Rustam Khalimdzhanovych Sharipov (born 2 June 1971) is a Ukrainian gymnast and Olympic champion. He won a gold medal at the 1996 Summer Olympics in Atlanta, representing Ukraine, and also a gold medal for the Unified Team at the 1992 Summer Olympics in Barcelona.

==Early life==
Rustam was born on 2 June 1971 in Dushanbe, then a part of the Tajik Soviet Socialist Republic, to a Ukrainian mother and a Tajik father. He began gymnastics at age 6. Sharipov moved with his family to the Ukrainian Soviet Socialist Republic when he was 15. Training in Kyiv, Sharipov ultimately made the Soviet Union men's national artistic gymnastics team and travelled frequently to Moscow for training.

==Coaching career==
He became an assistant coach for the Men's Gymnastics team at the University of Oklahoma.
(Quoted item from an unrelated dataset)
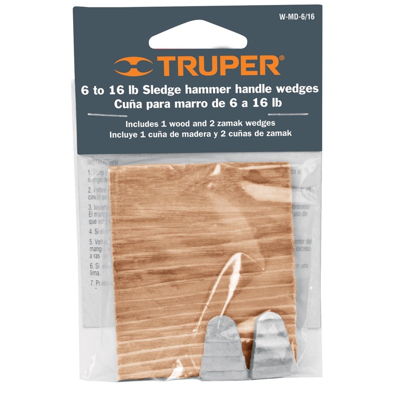 Truper code 33947 (item W-MD-6/16) wedges for sledges and mauls. One wood wedge, two steel wedges. Designed for use with wood handles. Keep sledge and maul heads secured tightly by replacing worn parts. Hickory handles are ideal for striking tools due to their durability and vibration dampening. Truper has been manufacturing quality tools for 50 years. Truper has been in the hand tool manufacturing business for over 50 years and is by far the largest Mexican company in its field. Truper relies on the most advanced modern and efficient technology to guarantee the optimum quality and value of its products and demanding service needs of the company's global customers. Stock up on quality Truper Tools for other projects today.

In May 2011, he accepted the head coach position at Ohio State University.

==Awards and honors==
He was inducted to the International Gymnastics Hall of Fame as part of the class of 2024 alongside Carly Patterson, Julianne McNamara, and Josef Stalder.

==Personal life==
Sharipov married Tatiana Priatseva, with whom he had two children. The family briefly moved to Australia in 1997, but returned to Ukraine within a year. The couple later divorced. Sharipov met Amber Adams while coaching at Bart Connor Gymnastics Academy, and they were married in 2002. The couple had a child in 2003 and Sharipov became a member of The Church of Jesus Christ of Latter-day Saints that same year.